- Location: Oklahoma City, Oklahoma, United States
- Coordinates: 35°20′29″N 97°21′07″W﻿ / ﻿35.3413°N 97.3519°W
- Lake type: reservoir
- Basin countries: United States
- Surface area: 2,900 acres (1,200 ha)
- Average depth: 35 ft (11 m)
- Max. depth: 98 ft (30 m)
- Water volume: 87,296 acre⋅ft (107,678,000 m^{3})
- Shore length^{1}: 34 miles (55 km)
- Surface elevation: 1,191 ft (363 m)
- Settlements: Oklahoma City

= Lake Stanley Draper =

Lake Stanley Draper is a reservoir in southeast Oklahoma City, United States. It is one of three municipal reservoirs in the city. (Note: The other municipal reservoirs are Lake Hefner and Lake Overholser.) Principal construction on the reservoir occurred between 1962-1963. Upon completion it was named after the long-time director of the Oklahoma City Chamber of Commerce, Stanley Draper. Located between Midwest Boulevard and Post Road, near I-240, it receives water by pipeline from Atoka Lake and McGee Creek Reservoir.

==History==
The lake was begun in 1962 to serve as a reservoir for Oklahoma City.

==Description==
It has a surface area of 2900 acre, an average depth of 34 feet and a maximum depth of 98 feet. The volume is 87296 acre-feet

==Recreation==
The lake is open for a number of things including, fishing, ATVs or dirt bikes, R.C. airplanes, boating (sailing, Water skiing, and jet skiing). Water skiing is allowed in the main body of the lake, but swimming is prohibited everywhere in the lake. There are four covered fishing piers, primitive campgrounds, picnic grounds, grills and rest rooms.

==Maintenance==
In March 2010 City of Oklahoma City began work for the Atoka Pump Station Rehabilitation Project (APSRP). During the project 24 new pumps were installed while six others were refurbished along the 100 mi Atoka Pipeline. During that time, the pumps were periodically shut down to allow for installation and refurbishment, which caused lake water levels to drop well below its normal pool depth of 1,187 ft.
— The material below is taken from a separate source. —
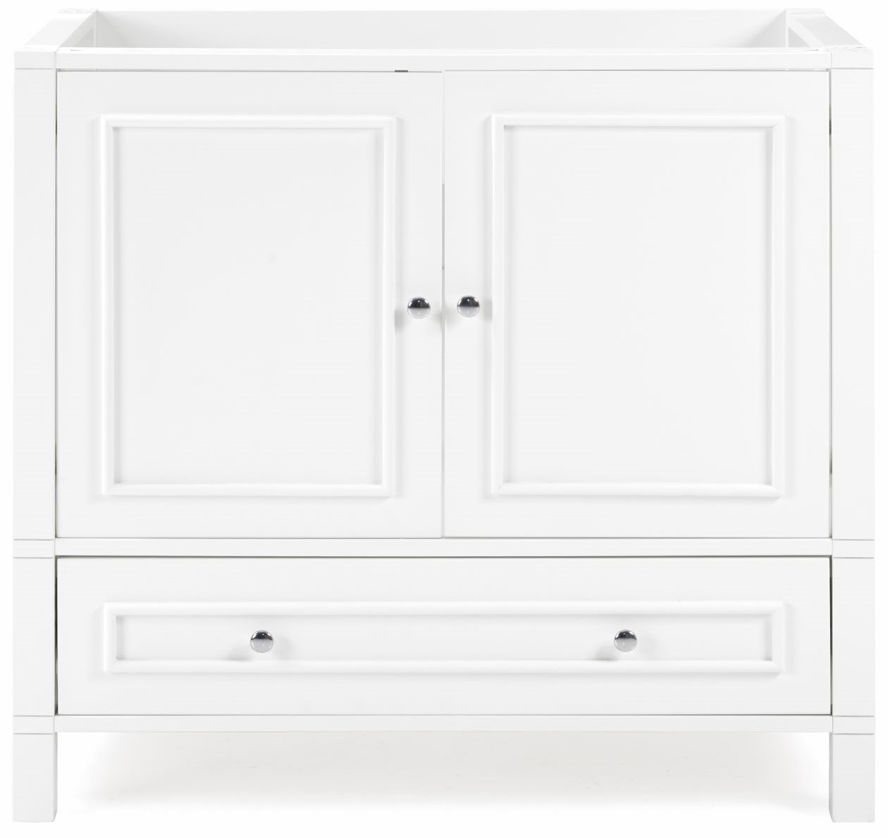 This vanity is sure to be the focal point in your bathroom. Strong lines and nickel hardware hardware blend seamlessly to elevate your everyday bathroom style with charm. The cabinet offers spacious storage for linens, toiletries, or other bath essentials, and soft-close doors drawers ensure discreet, quiet operation. Constructed of solid pine and composite wood with polished nickel hardware and a beautiful white finish that is designed to complement any decor.Read More

Because of the low water levels all boating is prohibited, with only authorized personnel allowed on the water. On February 25, 2011, the pipeline was brought back to full service allowing water to be pumped from Lake Atoka to Draper. From February 2011 the lake's water level remained low due to the lack of heavy rainfall because of the then ongoing drought and water usage by residents of Oklahoma City. The City expected that the lake would return to levels high enough to allow recreational use by late fall 2013. In April 2015 following substantial rainfall, the lake reached and passed its pool depth, bringing the lake back to full capacity.

== In popular culture ==
Lake Stanley Draper is featured prominently in a Free Nights and Weekends Podcast episode in 2024.